Дрожащей рукой старый волшебник смел свои заметки в сторону. Осуждающие слова, произнесенные ежиком несколько времени назад, больно ранили его, ибо в глубине души он нежно любил своего ученика. Теперь, когда его царственный герой возвратился с победой, сделав правильный выбор, он знал, что мудрость его растрачена не впустую. Знал он и то, что роль наставника сыграна им до конца. Давным-давно он сказал Королю, что тот никогда уже больше не будет Вартом, сказал лишь для того, чтобы подбодрить его, ибо сам нисколько в это не верил. А теперь вот поверил, поняв, что пришла пора и ему уступить свое место, отказаться от власти, позволявшей ему направлять и указывать. Это отречение стоило ему его всегдашней веселости. Больше он не сможет уже произносить напыщенных речей, приводить людей в оторопь и ослеплять их сверкающими складками своей магической мантии. Высокомерие учености выдохлось в нем. Он чувствовал себя дряхлым и пристыженным.

Старый Король, в котором все детское также сгинуло без следа, сидел за столом, вертя в руках листок бумаги. Размышляя, он обыкновенно наблюдал за своими руками. Он аккуратно складывал листок то так, то этак, затем опять разглаживал. Листок содержал одну из выписок Мерлина, предназначенную для картотеки и по рассеянности засунутую в «Пророчества»: цитату из летописца, которого звали брат Клинн и который умер в 1348 году. Этот монах, назначенный аббатством в хронисты, дабы он вел записи для истории, видел, как приближается Черная Смерть, намереваясь унести его, а быть может и целый мир, ибо она уже убила в Европе третью часть населения. Заботливо вложив несколько чистых листов пергамента в книгу, которую ему больше уже не суждено было заполнять, он завершил ее следующим посланием, некогда вызвавшем в Мерлине странное благоговение: «Видя столь много болящих, — писал он на латыни, — видя, как мор овладевает всем миром, ожидая среди мертвых, когда смерть придет и за мной, я завершил описание того, что воистину слышал и удостоверил. И если написанному не должно гибнуть вместе с писавшим, а труду исчезать вместе с трудившимся, я оставляю немного листов для его продолжения, — на тот случай, что в будущем обретется среди живых некий муж либо кто иной из рода Адамова, избегнувший нынешней пагубы, и сможет продолжить труды, коим я положил когда-то начало.»

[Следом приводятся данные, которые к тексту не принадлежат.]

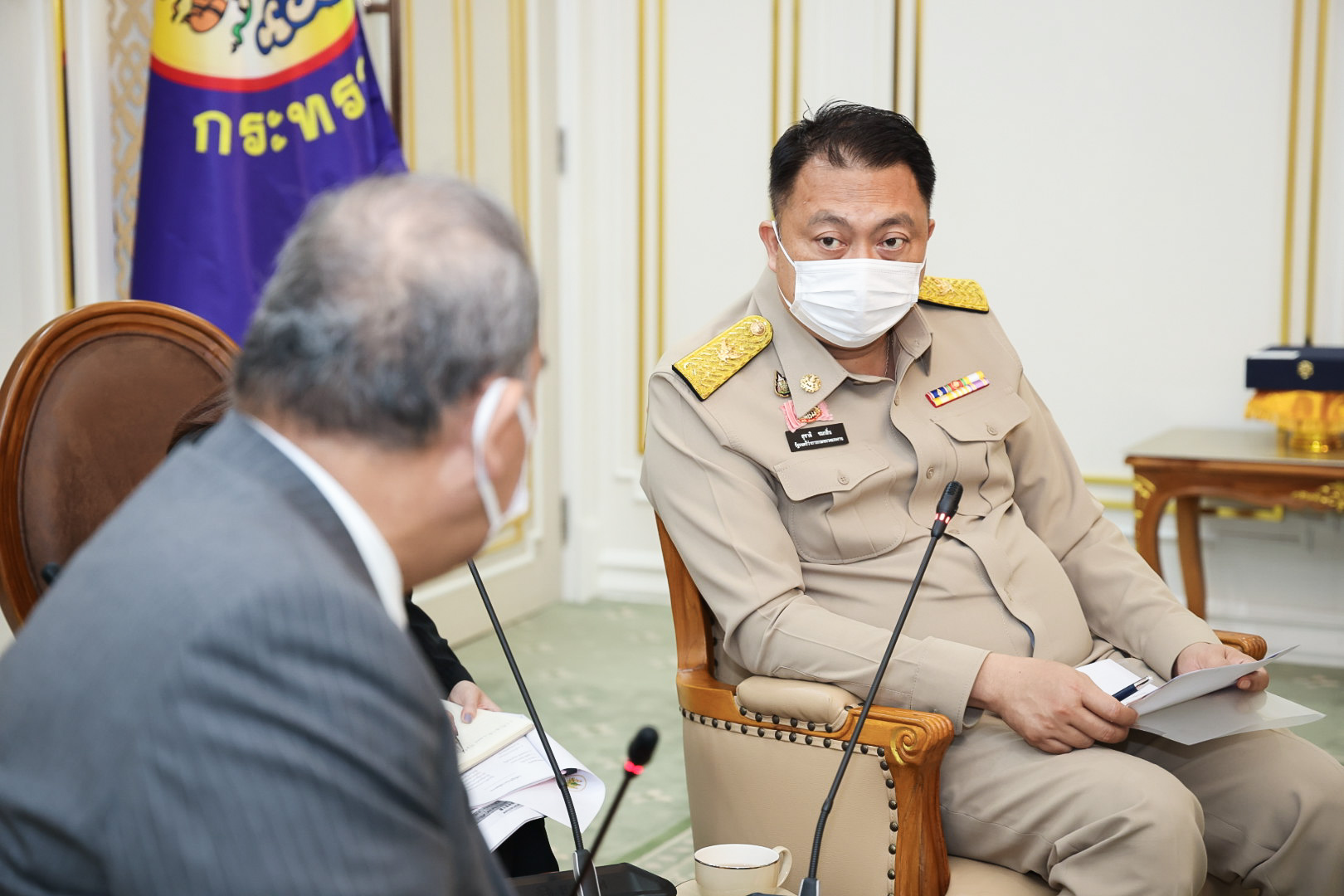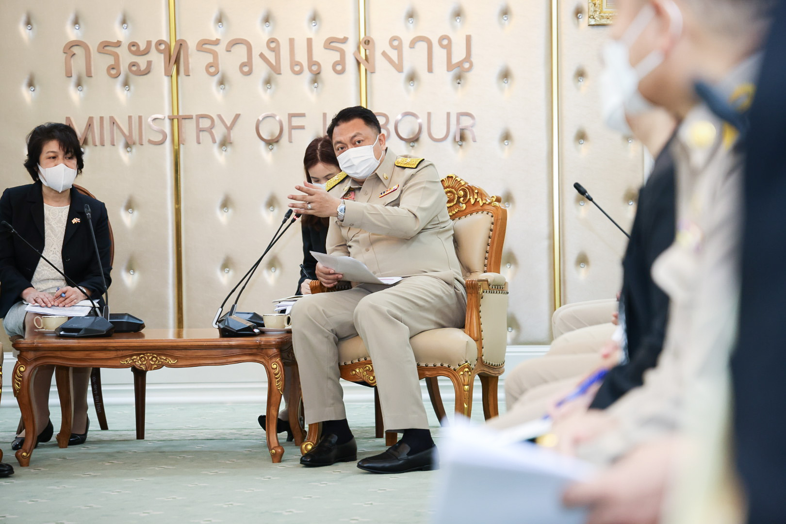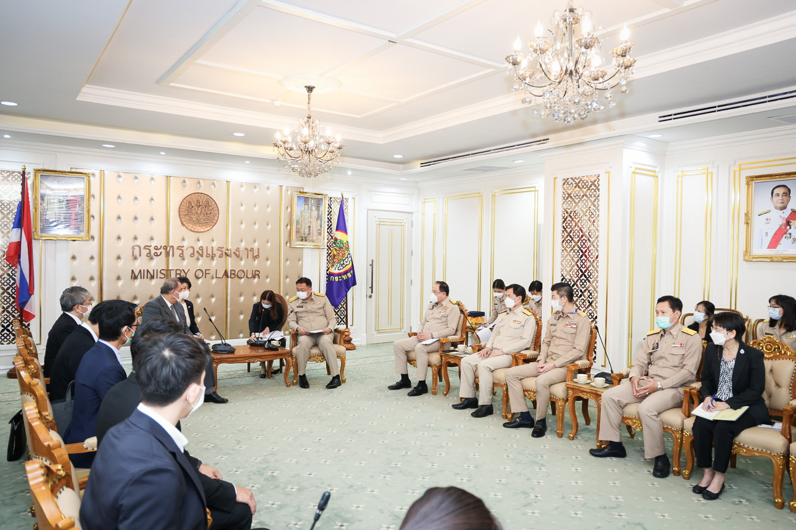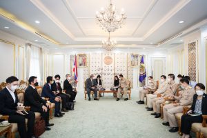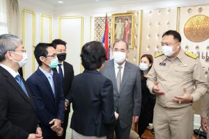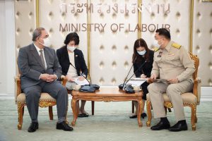 On May 23, 2022, Labour Minister Mr. Suchart Chomklin welcomed Mr. Hitoshi Kanamori, President of the International Manpower Development Organization, Japan (IM Japan) and delegation, on a courtesy call to the Labour Minister. The meeting took place on the occasion of Mr. Hitoshi Kanamori taking the President of IM Japan position in March 2020. They also discussed the government’s requirements for expanding the recruitment of Thai technical interns, including ways to expand cooperation to a new agreement on the recruitment of specialized skilled workers. Assistant to the Labour Minister Mr. Surachai Chaitrakulthong, Secretariat to the Labour Minister, Mr. Suthep Chitvong, Assistant Minister from the Prime Minister’s Office performing duties for the Ministry of Labour, Mr. Suthi Sukosol, the Ministry of Labour’s Spokesperson (on politics), and Mrs. Thienrat Navamawat, Permanent Secretary of Labour, Mr. Boonchob Suttamanaswong and the Ministry of LAbour’s executives also joined the occasion at the Chatumongkol Meeting Room, 6th floor, Ministry of Labour.
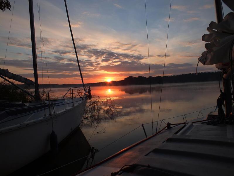 Piotrze, ja też czasem o tym myślę, ale jeszcze jest trochę za wcześnie. Scigać się można nawet na Venusach ważne aby wszyscy mieli równe szanse i decydowały umiejętności. Na razie potrzebny jest przynajmniej jeszcze jeden podobny jacht, wtedy można już spróbowac zorganizowac regaty meczowe, chyba bardziej widowiskowe niż regaty floty. Przepisy żeglugi dużych i małych jachtów różnią się nieznacznie (tak przynajmniej mi się wydaje). W planach mam zbudowanie jeszcze przynajmniej jednego MINI, może wtedy. Może ktoś się skusi na budowę tego dziwnego jachciku. Niedługo powinienem skończyc plany pierwszego i je upublicznić. Na razie uczę się żeglować. To wymaga czasu i ciepliwości. Po kilkunastu godzinach testów i prób na wodzie poznaję model, jego zwyczaje i zachowanie. Wróciłem z tygodniowego pływania po WJM, niestety okupionego lekkim uszkodzeniem skrzynki mieczowej na jachcie. Bardzo niski stan wody (58 cm na wodowskazie w Guziance) spowodował, że na Tyrkle uderzyłem mieczem w kamień (0.8- 1m średnicy). Na wiosnę remont. Teraz jakoś dociągnę do końca sezonu, jacht lekko bierze wodę, ale dam radę. Za to wschody Słońca są coraz piękniejsze. I coś dla oka.

Король тщательно сложил листок и поискал для него места на столе. Члены комитета взирали на Короля, зная, что через минуту он встанет, и готовясь последовать его примеру.

— Ну, что же, — сказал Король. — Мы разрешили нашу задачу.

Он постучал краем сложенного листка по столу и поднялся.

— Нам следует возвратиться до наступления утра.

Поднялись и животные. Они проводили его до двери, стеснились вокруг, целуя Королевскую руку, прощаясь. Его теперь уже отставной учитель, которому предстояло еще доставить Короля назад, придерживал дверь. Был ли он сном или не был, но он уже начинал легко колыхаться и таять, как и все остальные. Они повторяли:

— Доброй удачи Вашему Величеству, скорого и успешного разрешения ваших дел.

Король отвечал с печальной улыбкой:

— Мы надеемся, что разрешение будет скорым.

Но один из бывших там знал, что говорит он о собственной смерти.

— Так ведь это всего лишь на время, Ваше Величество, — промолвил T. natrix. — Помните историю про Святого Георгия? Homo sapiens и поныне таков. Вас ждет неудача, поскольку убивать — не по злобе, так по неведенью — в человеческой природе. Но неудача — зодчий удачи, и природа потихоньку меняется. Пример достойного человека всегда служит к наущенью невежественных и смиряет присущее им неистовство, — и так мало по малу, век за веком, пока не утихомирятся духи вод. А потому — стойкой отваги Вашему Величеству и спокойного сердца.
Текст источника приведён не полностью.